▶ DATA SHOWN:
◇ ◇ ◇ ◇ ◇

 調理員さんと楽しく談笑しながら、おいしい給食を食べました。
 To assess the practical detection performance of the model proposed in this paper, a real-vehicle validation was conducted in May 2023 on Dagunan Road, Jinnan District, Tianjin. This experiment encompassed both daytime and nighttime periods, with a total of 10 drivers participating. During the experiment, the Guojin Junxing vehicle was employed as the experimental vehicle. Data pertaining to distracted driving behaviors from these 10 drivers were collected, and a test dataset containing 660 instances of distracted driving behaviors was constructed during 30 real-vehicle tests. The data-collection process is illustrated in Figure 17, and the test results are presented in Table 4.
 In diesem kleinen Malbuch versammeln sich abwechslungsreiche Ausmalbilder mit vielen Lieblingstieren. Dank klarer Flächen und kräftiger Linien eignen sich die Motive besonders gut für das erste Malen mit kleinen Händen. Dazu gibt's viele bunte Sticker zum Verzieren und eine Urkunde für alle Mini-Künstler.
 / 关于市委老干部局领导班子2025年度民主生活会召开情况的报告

◇ ◇ ◇ ◇ ◇

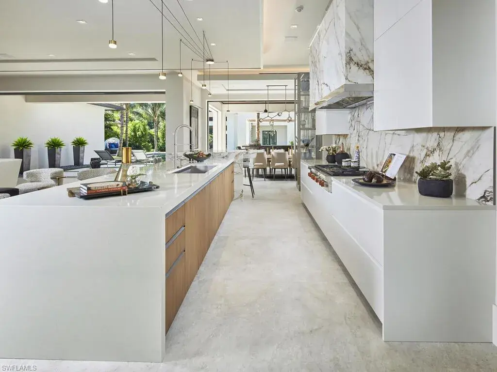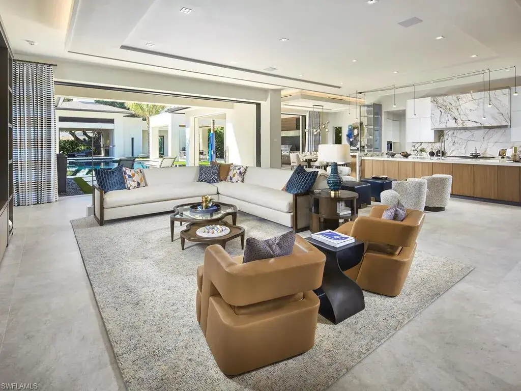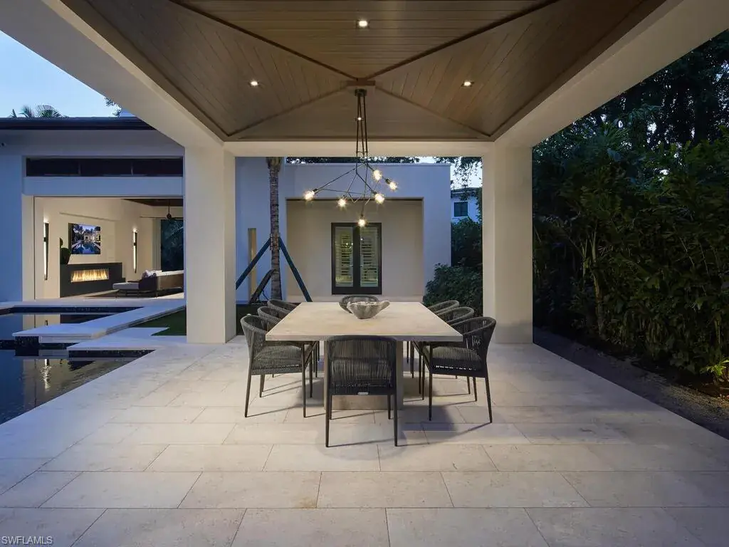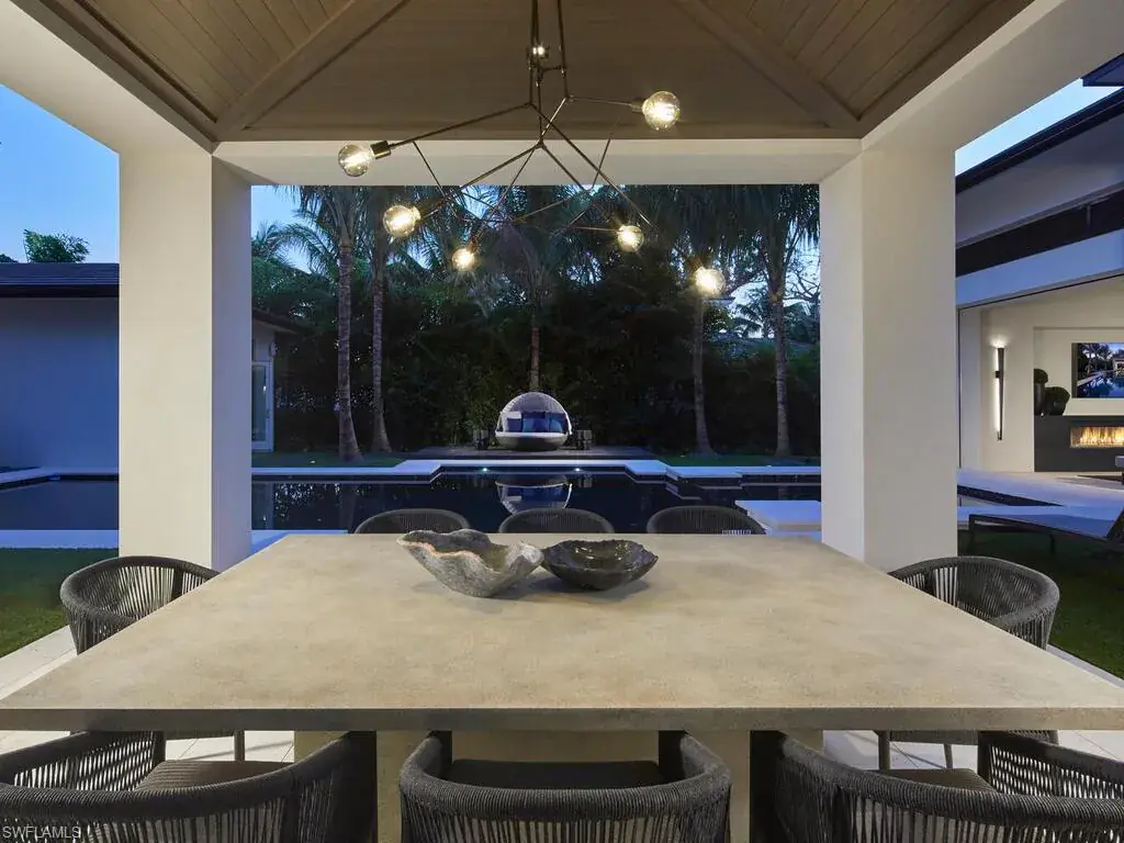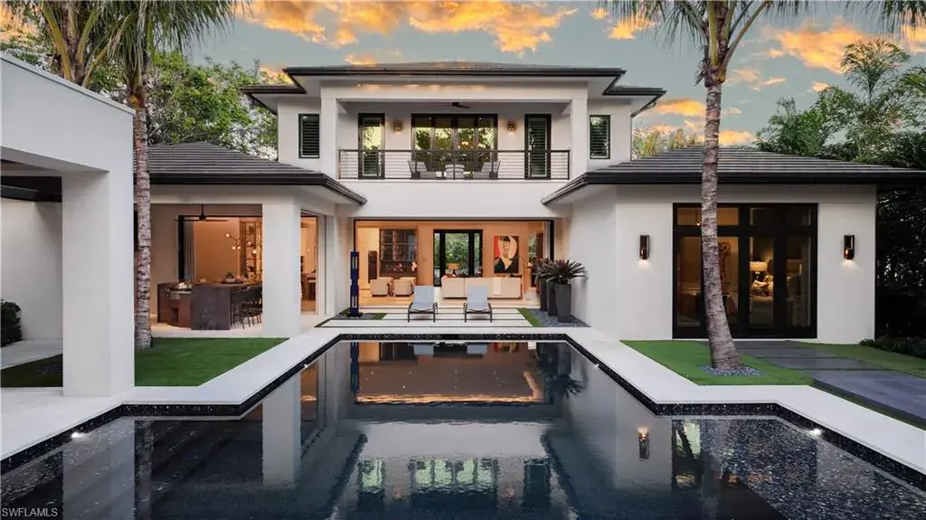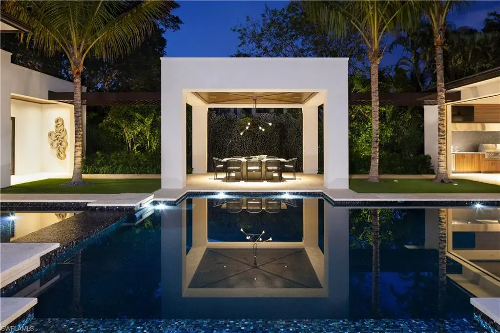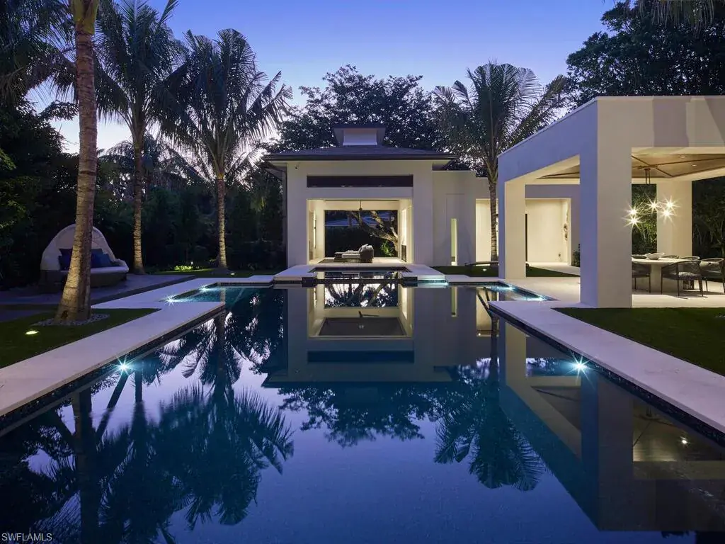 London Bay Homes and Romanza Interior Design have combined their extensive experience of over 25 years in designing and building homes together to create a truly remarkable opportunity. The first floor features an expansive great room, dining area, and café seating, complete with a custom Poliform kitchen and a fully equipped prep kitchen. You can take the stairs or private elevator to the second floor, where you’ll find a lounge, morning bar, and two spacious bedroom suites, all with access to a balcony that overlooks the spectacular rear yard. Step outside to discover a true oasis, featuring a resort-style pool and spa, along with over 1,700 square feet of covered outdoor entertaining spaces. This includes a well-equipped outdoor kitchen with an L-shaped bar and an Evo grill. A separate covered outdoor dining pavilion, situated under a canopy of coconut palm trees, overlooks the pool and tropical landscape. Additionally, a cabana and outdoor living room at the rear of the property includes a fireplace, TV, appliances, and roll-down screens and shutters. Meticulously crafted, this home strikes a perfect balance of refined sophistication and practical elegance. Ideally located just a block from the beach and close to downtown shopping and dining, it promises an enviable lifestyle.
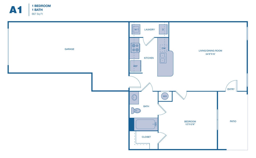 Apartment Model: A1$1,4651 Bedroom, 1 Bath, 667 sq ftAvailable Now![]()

◇ ◇ ◇ ◇ ◇

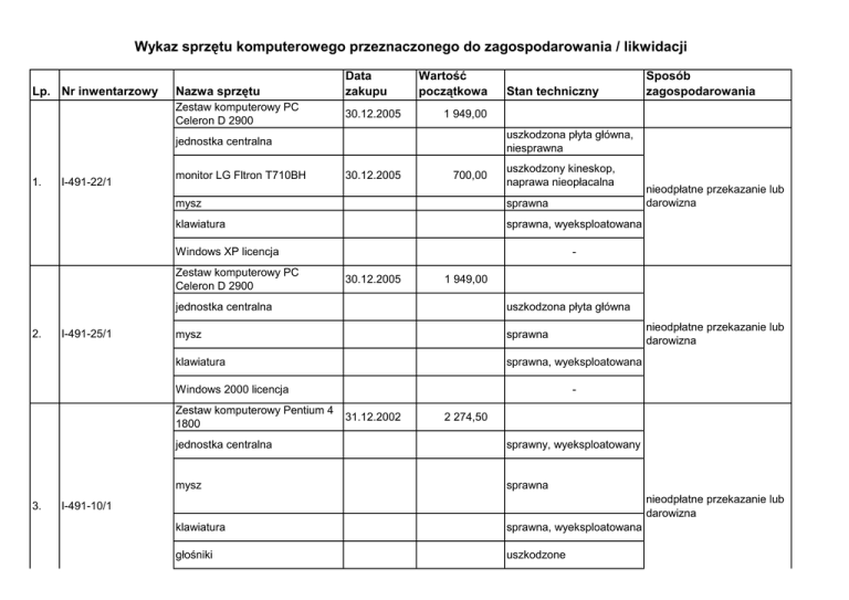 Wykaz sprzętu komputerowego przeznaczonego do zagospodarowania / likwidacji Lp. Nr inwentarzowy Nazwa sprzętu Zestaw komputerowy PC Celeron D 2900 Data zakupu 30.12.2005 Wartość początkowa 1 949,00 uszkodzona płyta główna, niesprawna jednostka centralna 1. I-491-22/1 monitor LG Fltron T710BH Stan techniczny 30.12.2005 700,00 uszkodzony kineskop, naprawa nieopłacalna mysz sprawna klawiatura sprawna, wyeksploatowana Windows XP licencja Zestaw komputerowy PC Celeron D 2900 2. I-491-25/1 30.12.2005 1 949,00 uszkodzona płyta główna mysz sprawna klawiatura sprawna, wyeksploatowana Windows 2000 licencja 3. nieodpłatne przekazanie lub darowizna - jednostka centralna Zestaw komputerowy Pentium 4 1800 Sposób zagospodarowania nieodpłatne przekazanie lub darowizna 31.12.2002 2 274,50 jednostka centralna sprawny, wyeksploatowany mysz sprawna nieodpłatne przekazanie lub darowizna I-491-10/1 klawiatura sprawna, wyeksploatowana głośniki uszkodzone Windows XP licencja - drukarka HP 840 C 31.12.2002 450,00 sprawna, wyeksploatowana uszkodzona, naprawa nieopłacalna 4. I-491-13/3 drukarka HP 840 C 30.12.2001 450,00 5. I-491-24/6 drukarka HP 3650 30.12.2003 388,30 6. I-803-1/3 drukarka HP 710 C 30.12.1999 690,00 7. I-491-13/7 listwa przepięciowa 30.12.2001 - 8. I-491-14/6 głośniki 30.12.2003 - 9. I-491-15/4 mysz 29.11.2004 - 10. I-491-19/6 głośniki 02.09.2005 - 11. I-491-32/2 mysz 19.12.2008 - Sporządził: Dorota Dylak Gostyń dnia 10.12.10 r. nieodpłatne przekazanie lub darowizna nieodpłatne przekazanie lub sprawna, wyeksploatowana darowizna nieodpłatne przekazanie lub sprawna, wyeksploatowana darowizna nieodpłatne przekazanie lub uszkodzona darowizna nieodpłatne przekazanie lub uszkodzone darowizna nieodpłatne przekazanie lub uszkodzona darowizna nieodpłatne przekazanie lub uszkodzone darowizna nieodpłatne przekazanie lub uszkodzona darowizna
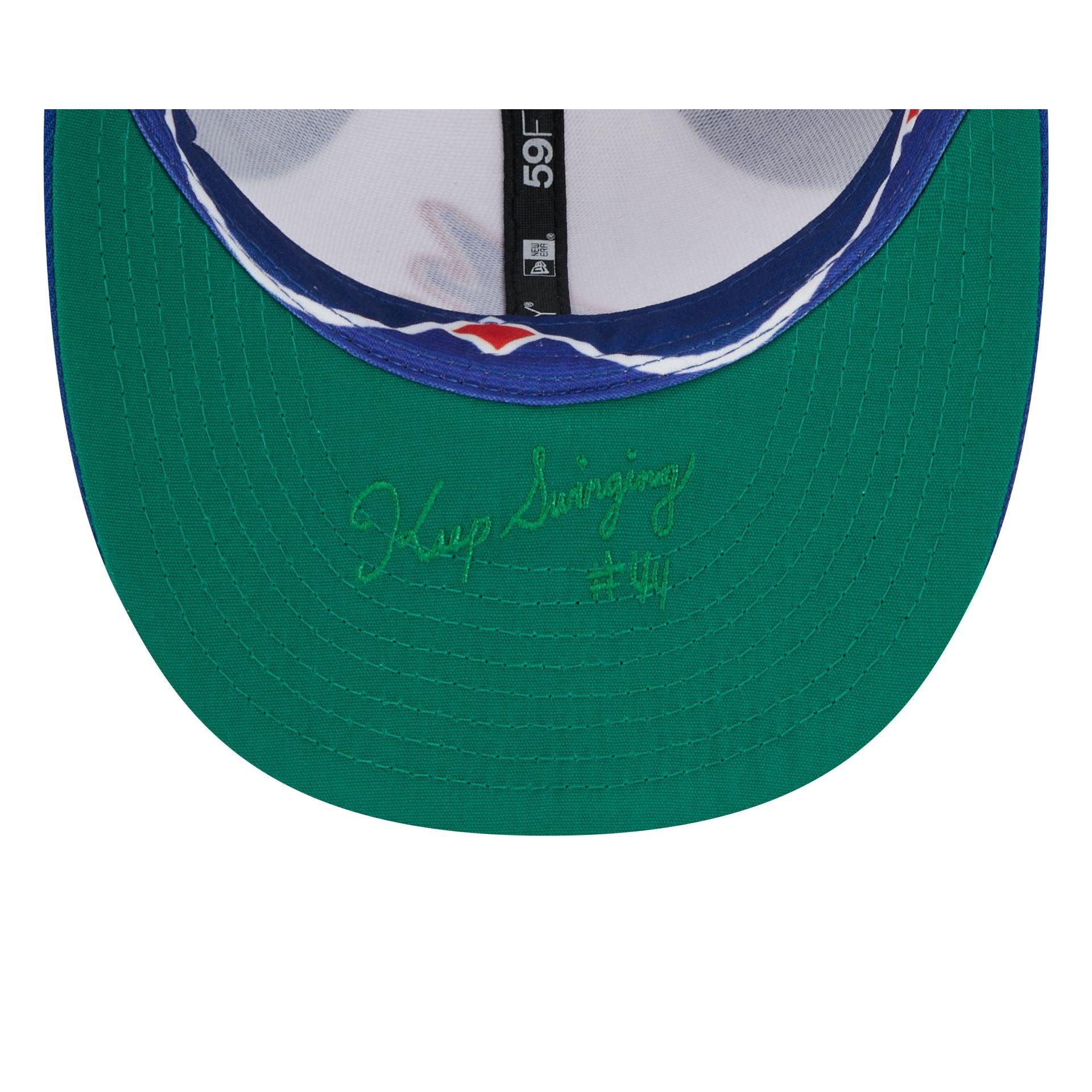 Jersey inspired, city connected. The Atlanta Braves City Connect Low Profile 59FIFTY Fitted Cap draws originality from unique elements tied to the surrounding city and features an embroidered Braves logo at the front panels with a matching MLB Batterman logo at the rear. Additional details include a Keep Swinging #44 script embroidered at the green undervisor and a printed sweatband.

◇ ◇ ◇ ◇ ◇

▶ EXERCISE PROMPT: Word for word, restate the lines of the listing above starting at the line with "調理員さんと楽しく談笑しながら、おいしい給食を食べました。" and ending at the line with "To assess the", and nothing outside them.

▶ EXERCISE ANSWER:
 調理員さんと楽しく談笑しながら、おいしい給食を食べました。
 To assess the practical detection performance of the model proposed in this paper, a real-vehicle validation was conducted in May 2023 on Dagunan Road, Jinnan District, Tianjin. This experiment encompassed both daytime and nighttime periods, with a total of 10 drivers participating. During the experiment, the Guojin Junxing vehicle was employed as the experimental vehicle. Data pertaining to distracted driving behaviors from these 10 drivers were collected, and a test dataset containing 660 instances of distracted driving behaviors was constructed during 30 real-vehicle tests. The data-collection process is illustrated in Figure 17, and the test results are presented in Table 4.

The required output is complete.